Al final nadie supo qué me estaba ocurriendo y me dieron una aspirina. ¡Se estaban riendo de mí!, así que decidí denunciarles. Salí del hospital y acudí a una comisaría donde Armando, un policío muy amable (que luego resultó ser un simple recluto), me indicó la forma de presentar la denuncia.  Mientras lo hacía aparecieron por allí una pareja de funcionarios con gabardina y gafas de sol. La mujer era del servicio secreto y el hombre era un espío de la embajada de Andorra. Me enteré porque me lo dijo Armando el recluto, que en ese momento estaba en lo alto de una garita como si se tratara del vigío de un barco. Mientras me sellaban la denuncia me contó que no le importaba estar allí subido porque la cosa de la vigilancia le venía de familia, que su abuelo había sido guardio urbano y su padre socorristo en una piscina pública.
Era un tipo agradable y entablamos conversación. Él ya me había hablado de su vida, así que yo comencé con la mía. Le conté que provenía de una familia de artistas y artistos, que mi madre era bailarina y mi padre trapecisto, mi abuelo equilibristo y mi abuela cantanta, y que una prima de mi cuñada era bruja y su hijo pitoniso. Entonces apareció Enrique, un tipo simpático y pizpireto al que le habían robado la cartera y, una vez encontrado por un agente y una agenta, salía de la comisaría de recogerla. Nos vio tan animados que se unió a nuestra conversación asegurándonos que para familia la suya, que en la casa en la que vivía aún se paseaban los fantasmas y fantasmos de sus antepasados y antepasadas, que buscando por la Red (él era un internauto consumado) había encontrado a Blas, un eremito solitario que creía en el profeto Isaías y que le aseguraba poder limpiar de espectros y espectras su casa.

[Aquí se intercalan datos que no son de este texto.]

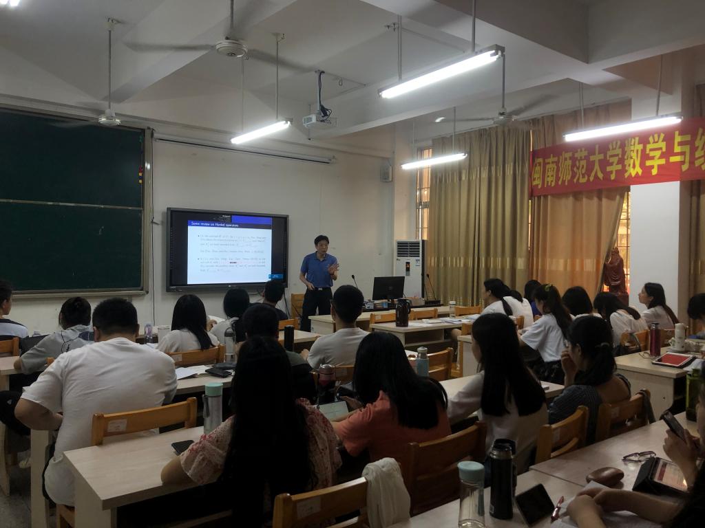 邀请,5月23日晚上,湖州师范学院胡璋剑教授在砺志楼105作了题为《HANKEL OPERATORS ON STRONGLY PSEUDOCONVEX DOMAINS》的报告。相关师生聆听了此次报告,报告由李进金老师主持。

Pero no pudo, porque era tal la variedad de profesiones de los hombres de su familia (electricistos, economistos, estilistos), y de las mujeres (pilota de avión, sargenta del ejército, gerenta de una clínica) que no encontró una línea común para atajar el problema de las apariciones y desistió.
Le expliqué entonces que yo conocía a Pedro Sánchez, que era un magnífico documentalisto que ayudaba al guionisto de un programa de televisión de esos de esoterismo. Se lo recomendé por si podía ayudarle. Me lo agradeció de veras y me dijo que le llamaría siempre y cuando don Andrés, párroco de su barrio y curo de vocación, fuera a su casa y echara unas bendiciones, a ver si surtían efecto.
Y así, encontrándome ya mejor, volví a mi casa a seguir viendo la tele, pero con la sensación de haber hecho el idioto, el gilipollos y el troglodito. Y es que no tengo remedio.